* Recorded data:
###
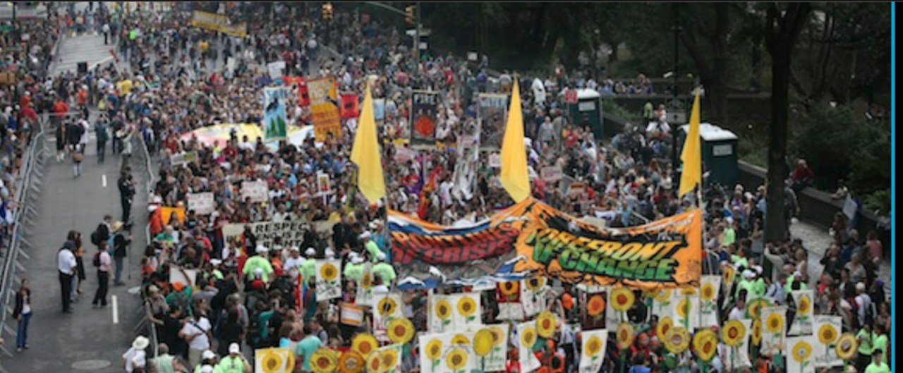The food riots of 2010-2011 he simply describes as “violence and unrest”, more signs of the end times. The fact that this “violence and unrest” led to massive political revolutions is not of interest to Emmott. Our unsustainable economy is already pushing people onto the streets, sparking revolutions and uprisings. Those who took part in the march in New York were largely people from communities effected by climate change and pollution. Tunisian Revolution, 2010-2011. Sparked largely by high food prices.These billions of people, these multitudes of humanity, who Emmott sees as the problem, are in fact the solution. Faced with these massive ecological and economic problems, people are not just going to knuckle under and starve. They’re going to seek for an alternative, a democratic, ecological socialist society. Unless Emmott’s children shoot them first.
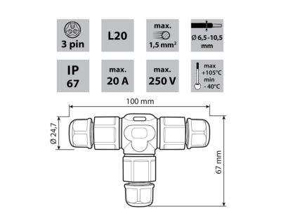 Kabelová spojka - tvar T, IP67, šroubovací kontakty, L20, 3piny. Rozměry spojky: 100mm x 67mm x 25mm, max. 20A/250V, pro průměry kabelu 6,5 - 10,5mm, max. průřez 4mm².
###
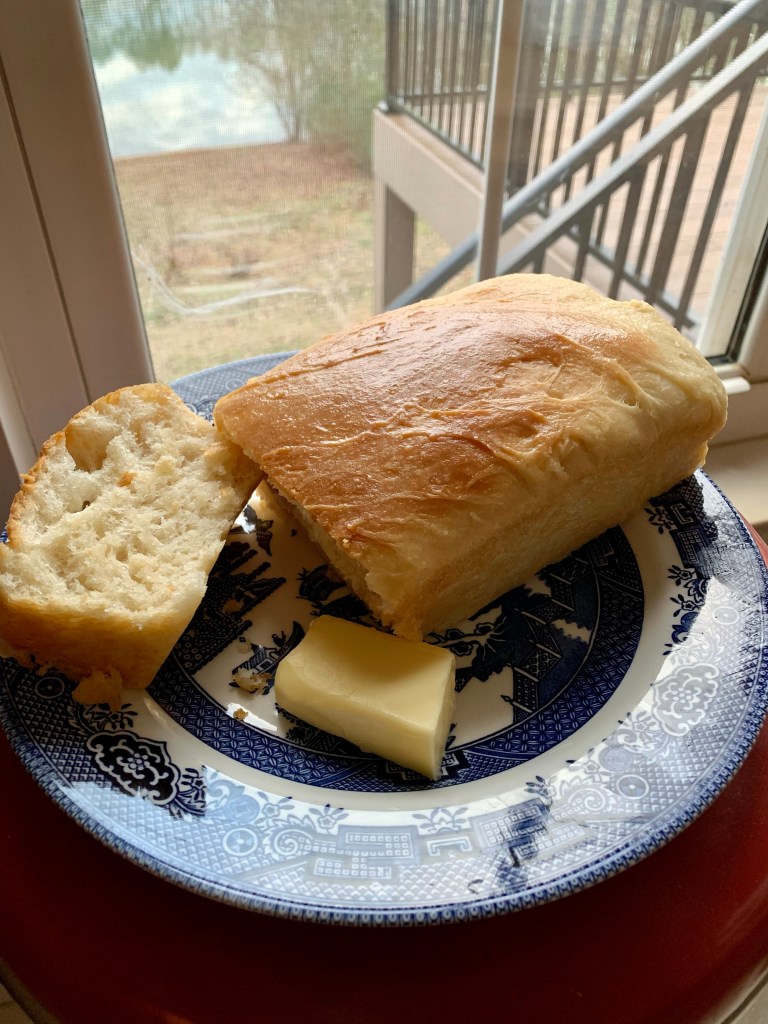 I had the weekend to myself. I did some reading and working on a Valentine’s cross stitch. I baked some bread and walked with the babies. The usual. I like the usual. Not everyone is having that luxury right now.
###
* The task: In the data above, find the line containing "The food riots" and the line containing "Kabelová spojka - tvar". Copy exactly the stretch from the first through the second, both included, leaving out any picture.

* Answer box:
The food riots of 2010-2011 he simply describes as “violence and unrest”, more signs of the end times. The fact that this “violence and unrest” led to massive political revolutions is not of interest to Emmott. Our unsustainable economy is already pushing people onto the streets, sparking revolutions and uprisings. Those who took part in the march in New York were largely people from communities effected by climate change and pollution. Tunisian Revolution, 2010-2011. Sparked largely by high food prices.These billions of people, these multitudes of humanity, who Emmott sees as the problem, are in fact the solution. Faced with these massive ecological and economic problems, people are not just going to knuckle under and starve. They’re going to seek for an alternative, a democratic, ecological socialist society. Unless Emmott’s children shoot them first.
 Kabelová spojka - tvar T, IP67, šroubovací kontakty, L20, 3piny. Rozměry spojky: 100mm x 67mm x 25mm, max. 20A/250V, pro průměry kabelu 6,5 - 10,5mm, max. průřez 4mm².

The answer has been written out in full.